Sex’ - Biological traits that society associates with being male or female
Gender’ - Cultural meanings attached to being masculine & feminine, which influence personal identities e.g. Man, Woman, Transgender, Intersex, Gender Queer, among others
Sexuality’ - Sexual attraction, practices & identity which may or may not align with sex and gender e.g. Heterosexual, Homosexual (Gay or Lesbian), Bisexual, Queer, among others

Let’s take the term ‘sex’ as defined above and compare it to a current definition from the World Health Organisation. Seeking to differentiate ‘sex’ from ‘gender’ the WHO’s definition says “Gender is used to describe the characteristics of women and men that are socially constructed, while sex refers to those that are biologically determined”. Now, whilst there is almost direct agreement on the definition of ‘gender’ as the constructed and performed aspect of one’s identity, the WHO (taking a more traditional line) define ‘sex’ as directly equivalent to biological reality whereas our first definition says ‘biological traits that society associates with being male or female’: A subtle but significant difference.

So what is going on there? I certainly didn’t pick that set of definitions to challenge current academic orthodoxy: In fact, they come from a presentation recently supplied to a teacher friend of mine by his school for a PSHE lesson on transgenderism. The definition of ‘sex’ therein is reflective of the move made by the philosopher Judith Butler way back in 1990 in her influential book Gender Trouble: Feminism and the Subversion of Identity, where she asserts that it is not only ‘gender’ which is socially constructed but that ‘sex’ itself is not merely biological but constructed by human interpretation. This refusal to accept the ‘givenness’ of biological maleness or femaleness is rooted in a desire to understand the related terms of ‘sexuality’ and ‘gender’ as not referring to adherence-to or deviation-from a fixed personal biological reality - the innately ‘sexed’ body.
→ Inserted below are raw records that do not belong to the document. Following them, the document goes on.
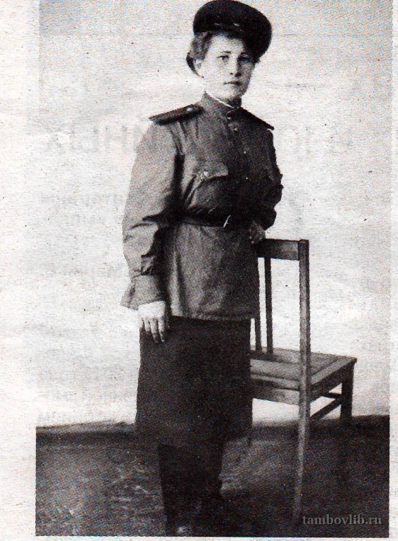 Родилась в 1923 г. в д. Лаврово Мордовского района Тамбовской области. Призвана в армию в 1942 г. При форсировании Днепра в 1943 г. была ранена. Проживает в Шульгино.Мордовская центральная районная библиотека Портрет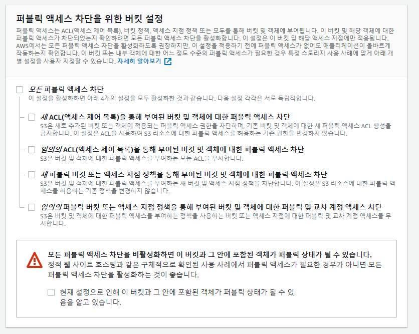 외부에 S3를 공개할 경우 모든퍼블릭 액세스 차단 체크를 해제해주면 됩니다.
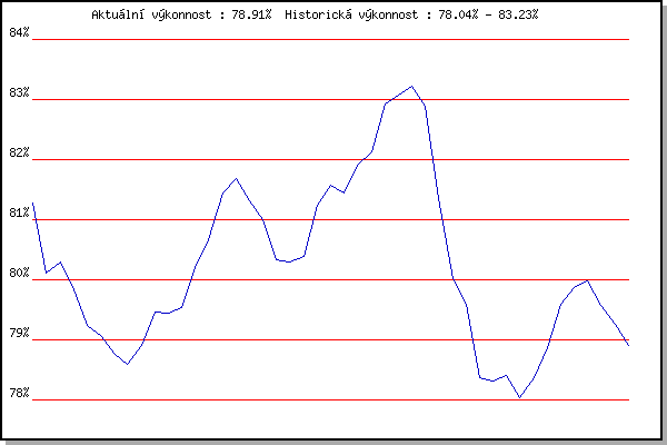 ZávodBodyVýkonnostZměna| 17.11.2007 | 17.listopadu | 81.28% | 81.28% | | | 1.12.2007 | Jehnice | 78.65% | 80.12% | -1.16% | | 26.12.2007 | Syrovice | 80.45% | 80.29% | +0.17% | | 5.1.2008 | Krenovice | 78.62% | 79.83% | -0.46% | | 2.2.2008 | Kanice | 76.69% | 79.24% | -0.59% | | 1.3.2008 | Modrice | 78.60% | 79.07% | -0.17% | | 15.3.2008 | Myslivna | 77.94% | 78.78% | -0.29% | | 22.11.2008 | 17.listopadu | 77.96% | 78.59% | -0.19% | | 6.12.2008 | Jehnice | 79.66% | 78.90% | +0.31% | | 26.12.2008 | Syrovice | 80.92% | 79.47% | +0.57% | | 24.1.2009 | Radostice | 79.35% | 79.44% | -0.03% | | 7.2.2009 | Kanice | 79.79% | 79.54% | +0.10% | | 7.3.2009 | Modrice | 82.03% | 80.21% | +0.67% | | 21.3.2009 | Myslivna | 81.97% | 80.67% | +0.46% | | 21.11.2009 | 17.listopadu | 83.62% | 81.44% | +0.77% | | 5.12.2009 | Okrouhla | 82.42% | 81.69% | +0.25% | | 26.12.2009 | Syrovice | 79.82% | 81.31% | -0.38% | | 23.1.2010 | Radostice | 76.96% | 81.00% | -0.31% | | 6.2.2010 | Kanice | 77.64% | 80.33% | -0.67% | | 6.3.2010 | Modrice | 80.11% | 80.29% | -0.04% | | 21.3.2010 | Myslivna | 80.67% | 80.38% | +0.09% | | 17.11.2010 | 17.listopadu | 83.73% | 81.24% | +0.86% | | 4.12.2010 | Okrouhla | 82.56% | 81.57% | +0.33% | | 8.1.2011 | Kurim | 80.90% | 81.44% | -0.13% | | 22.1.2011 | Radostice | 83.30% | 81.91% | +0.47% | | 5.2.2011 | Kanice | 82.78% | 82.13% | +0.22% | | 19.2.2011 | Rajecko | 85.23% | 82.92% | +0.79% | | 5.3.2011 | Modrice | 83.55% | 83.07% | +0.15% | | 26.3.2011 | Myslivna | 83.71% | 83.23% | +0.16% | | 3.12.2011 | Okrouhla | 70.69% | 82.89% | -0.34% | | 26.12.2011 | Syrovice | 74.93% | 81.36% | -1.53% | | 7.1.2012 | Kurim | 74.47% | 80.02% | -1.34% | | 21.1.2012 | Radostice | 77.81% | 79.59% | -0.43% | | 11.3.2012 | Myslivna | 68.61% | 78.37% | -1.22% | | 17.11.2012 | Jehnice | 78.11% | 78.32% | -0.05% | | 19.1.2013 | Radostice | 78.67% | 78.41% | +0.09% | | 8.2.2014 | Rajecko | 76.55% | 78.04% | -0.37% | | 15.3.2014 | Myslivna | 79.41% | 78.38% | +0.34% | | 17.11.2014 | Jehnice | 80.36% | 78.88% | +0.50% | | 26.12.2014 | Syrovice | 81.69% | 79.59% | +0.71% | | 17.1.2015 | Radostice | 80.71% | 79.87% | +0.28% | | 17.11.2015 | Jehnice | 80.32% | 79.99% | +0.12% | | 12.12.2015 | Vranovsky zleb | 77.94% | 79.58% | -0.41% | | 6.2.2016 | Rajecko | 77.96% | 79.26% | -0.32% | | 17.11.2016 | Jehnice | 75.41% | 78.91% | -0.35% | | | | |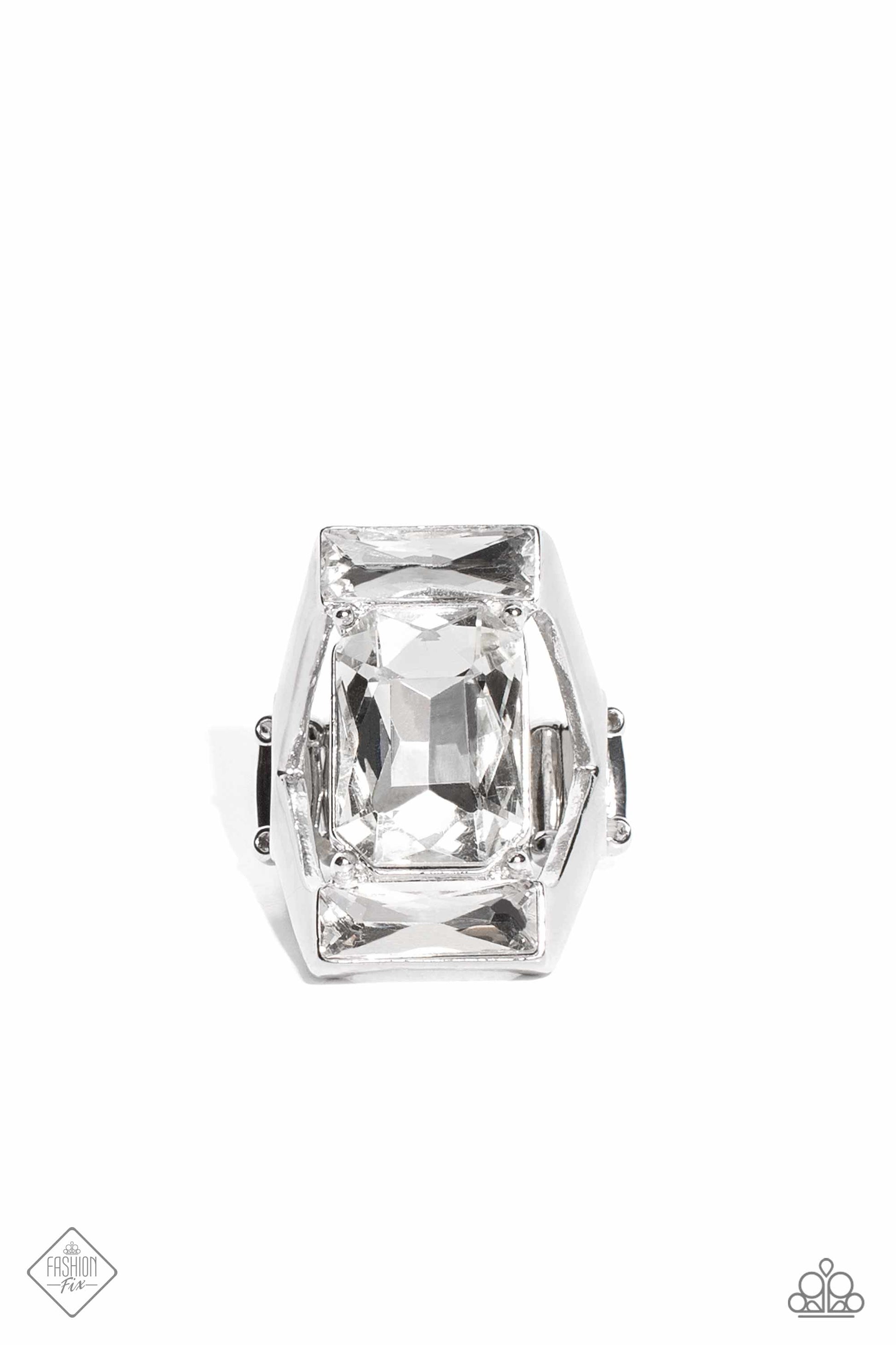 An exaggerated, oversized, rectangular frame encases a large, white, emerald-cut gem, showcasing its scintillating shimmer. Skinny white gems chiseled into rectangular bars are pressed into the top and bottom of the industrial frame, resulting in an unapologetic statement piece with unmatched sparkle. Features a stretchy band for a flexible fit.

Though perhaps confusing at first glance, it makes sense that someone arguing for the legitimacy of diverse sexual and gender identities would want to dispense with ‘dogmatic’ understandings of male / female at the biological level. Of course, the argument works in reverse too; if sex is actually a biological reality - a genuine given and not merely a human interpretation or construction - then gender and sexuality (whilst still ‘performative’ - i.e. culturally and personally constructed) actually orbit around something innate about the human being.

As a Christian, I understand human beings to bear the image of the Living God, marking them as uniquely valuable amongst God’s creation. I also believe that it is incumbent upon followers of Jesus to be simultaneously conversant with contemporary understandings of what it means to be human and with God’s revelation on the matter. People of all stripes are seeking to make sense of who they are and what their life might mean. Therefore, Christian attempts to bring Christ’s good news to askers of such questions should be neither trite and simplistic nor dogmatic and ill-considered. Having set out this theoretical ground, I hope to explore further theological engagement with these subjects in future posts.